EXERCISE DATA >>
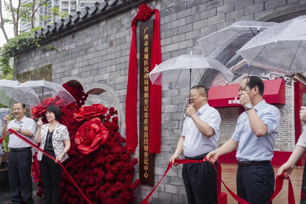 5月18日下午,广州市黄埔区民政局婚姻登记处驻南岗结婚登记中心在融德里历史文化街区揭牌启用,这是广州市又一个设置在国家级景区内的婚姻登记处,也是融德里打造特色婚俗地标、推广在地婚俗文化的最新举措。
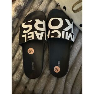 Sz10 nwot michael Kors Gilmore pool slide sandals w/logo bbw black white
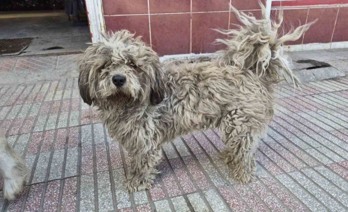 Eskişehir Küçük Sanayi Bölgesi’nde tüylerinin kirlenmesi sonucu adeta kapkara olan beyaz renkli süs köpeği görenlerin ilgi odağı oldu.

TO DO >>
Every line from the one containing "Sz10 nwot michael" through the last line of the data is to be retyped exactly, with nothing added and no pictures included.

WRITTEN SOLUTION >>
 Sz10 nwot michael Kors Gilmore pool slide sandals w/logo bbw black white
 Eskişehir Küçük Sanayi Bölgesi’nde tüylerinin kirlenmesi sonucu adeta kapkara olan beyaz renkli süs köpeği görenlerin ilgi odağı oldu.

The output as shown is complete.